What Drives You?

Nicole Klassen

--

Have you ever wondered how to motivate your team best? Or get your child to do their chores? Or even why you’re disengaged from your work? Then check out the book “Drive: The Surprising Truth About What Motivates Us” by Daniel Pink. This book focuses on intrinsic motivation, which goes hand-in-hand with positive psychology.

During my psychology studies, the area of positive psychology was being infused throughout the whole curriculum. It’s permeating throughout society, too; ever heard of gentle parenting? The kind of parenting that someone will definitely make fun of you for trying with your kids? Well, this book explains why gentle parenting works! I love how this book takes this idea of intrinsic motivation and clearly defines it while telling you how to apply it to business.

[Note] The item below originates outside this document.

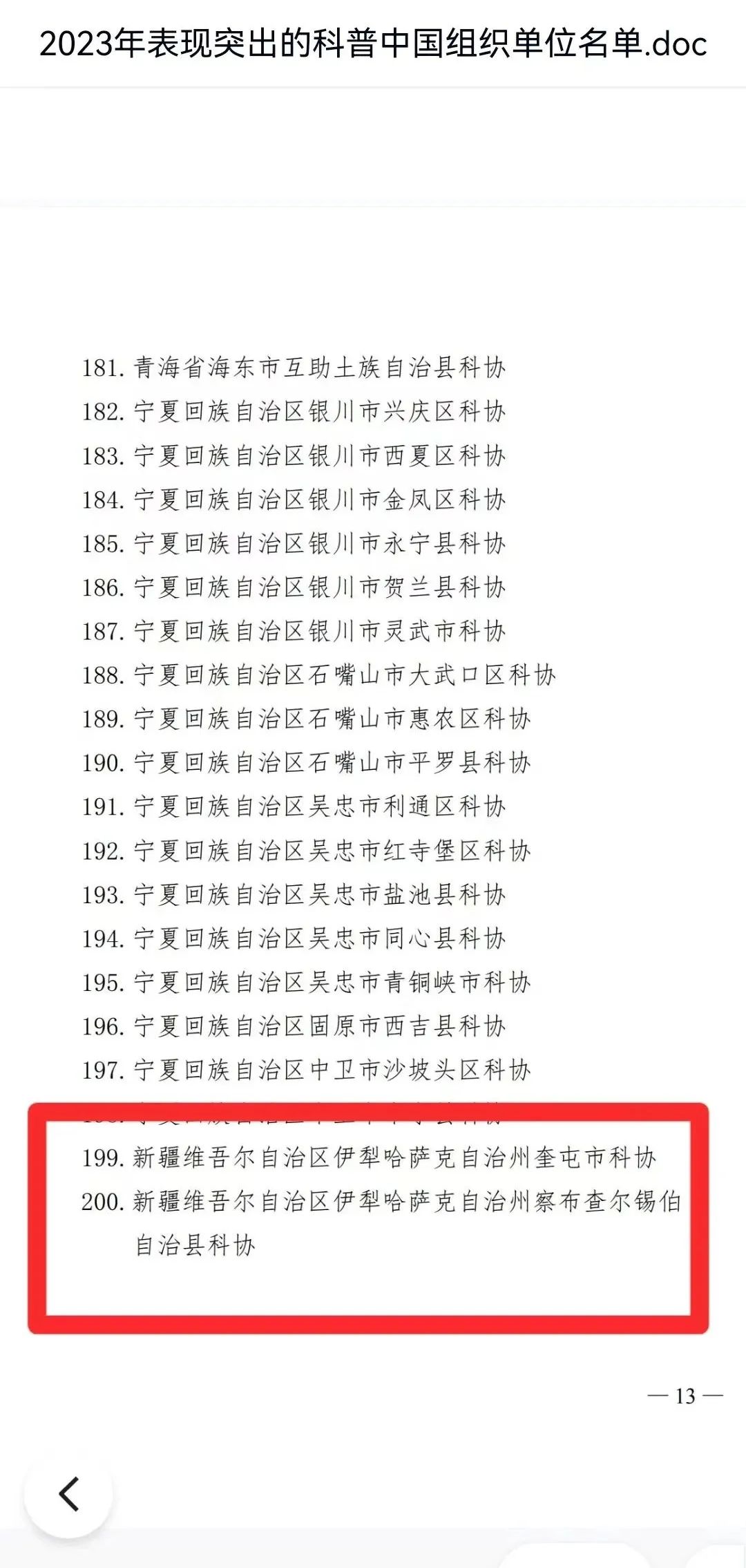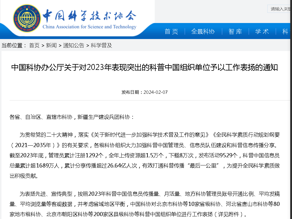 2024年2月7日,中國科協官網發布《中國科協辦公廳關于對2023年表現突出的科普中國組織單位予以工作表揚的通知》,依據“科普中國”官方平臺信息員注冊量、月活量、傳播量等數據,對10家省級科協、80家地市級科協、200家區縣級科協進行工作表揚,奎屯市科協獲評2023年表現突出的科普中國組織單位。

So, what is intrinsic motivation? The official definition is “the drive to do something for its own sake, rather than for an external reward or consequence.” Intrinsic motivation is powerful, and this book dives into how reworking businesses to foster intrinsic motivation will result in a better society and more financial rewards. My biggest takeaway: the carrot and stick approach will lead to less productive and creative employees. Pink dives into how our whole system was built on carrots and sticks to motivate workers, with money being the biggest stick of all. Then, he flips the script, showing how carrots and sticks (known as external motivation) hurt not only people but also companies.

Here are some of my favorite parts of the book:

  1. Companies that allow employees to take 20% of their time to be creative or follow Results-Only Work Environment (ROWE) guidelines can significantly improve employee performance and creativity. When we stop telling employees that they have to do things a certain way or that they have to hit a certain number of billable hours, they can focus on projects that intrinsically motivate them, resulting in higher creativity and, therefore, better products.
  2. On the flip side, Pink describes how law firms and other companies that make employees focus on their billability rates will have less motivated and creative employees. This can lead to disengagement, high turnover, and lost opportunity costs. For example, take Post-It Notes: these weren’t invented because a C-Suite manager had an idea and told an engineer to create it. They were invented because a scientist was frustrated that his scraps of paper kept falling out of his hymnal, and he had time at his job at 3M to pursue his own projects instead of just following corporate mandates.
  3. Younger generations no longer subscribe to the idea that “for-profit” companies are the best places to work. A study by Deloitte found that 76% of millennials consider a company’s social and environmental commitments when deciding where to work. Workers want to work for places that have a mission or cause they can get behind instead of only focusing on places that make the largest profits.
  4. The more employees are motivated by intrinsic motivation, the happier and more engaged they’ll be. This will require a huge shift in mindsets change for managers, and involves a lot of trust. So work on building team trust, and allow the creativity to follow and the turn-over to stop!

Ever since I joined the workforce, there’s been one catastrophe after another. Recession, recession, COVID, whatever weird economic reality we’re living in now is called … and businesses always react the same way: work people harder for less. The whole system is designed to destroy intrinsic motivation, making a workforce of less motivated and less creative minions. This book should be required reading for all business leaders. I highly recommend this book to everyone who wants to understand what drives people and how to improve business and personnel morale. Not only did it give me talking points to go back to my company, but it also gave me great ideas I can implement right away in my life, personally and as a leader. Finally, if I ever decide entrepreneurship is right for me, this book will help me build a business plan to harness intrinsic motivation for good.